The day it happened reminded me of a rat running round a hamster wheel who stops suddenly, thinks to himself: ‘What now?’ I accepted ‘voluntary’ redundancy recently, it was really a case of ‘jump before being pushed’.

The business had been losing shed loads of money, there was a strategic review and a redundancy programme followed. I’d been there over sixteen years; when I first joined I didn’t expect to stay longer than three.

Leaving your employer can be like a divorce. It is the end of a relationship, and full of mixed feelings. You may have become disillusioned with top management, but regret leaving good friends behind. I thought I would feel as if a great weight had been lifted off my shoulders, a sense of relief to leave the baggage and shackles of the powers that be. But I felt numb, and sad with a sense of being a pebble vanishing in a pond. Where to now?

Immediately I began seeking new work in earnest, spent ages online, rang recruitment agencies, revised my CV again. There are opportunities, and I wonder which step is best. What do I really want to do?

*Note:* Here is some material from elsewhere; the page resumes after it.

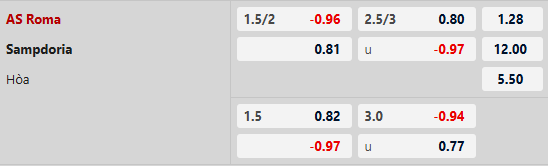 Thông tin tỷ lệ kèo AS Roma vs Sampdoria:
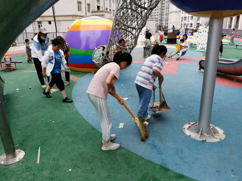 开展“我为社区做贡献”环境卫生志愿服务活动。“我拿扫帚,你拿簸箕,我俩去健身器材那儿打扫。”韵城小区体育小游园的广场上聚集着一群“环保小卫士”,他们是韵家口镇东盛社区的工作人员和一群青少年志愿者,正在开展每月一次的环境卫生志愿服务活动。他们有的拿着扫帚在清扫地上的垃圾,有的拿着抹布在擦拭健身器材,有的捡拾绿化带里的烟头、纸屑,经过两个多小时的努力,小区内广场、健身器材、周边环境焕然一新。虽然志愿者们干得汗流浃背,但看到健身器材被擦的干净明亮,游乐设施和平台打扫的干干净净,劳动成果有了回报,孩子们的脸上都露出了开心的笑容。环境卫生志愿服务活动的开展,不仅丰富了青少年的暑假生活,培养青少年关爱自然、保护生活环境的美德,更进一步增强了他们的环境保护意识和服务社会的意识。

It’s only been a few days, but it’s already difficult to stifle the growing anxiety - how long will it be before I get a job…?

Strange word: redundant. I’d handed back the laptop, the PDA, the electronic pass key, none of which I had when I joined in 1994, when the building was almost preserved like an office of the 50s, before extensive refurbishment.

Redundant, redundancy - like the spare (redundant) rope used in bungee jumping, it is the ultimate lifeline. It offers opportunity – a time to rethink, a time to change.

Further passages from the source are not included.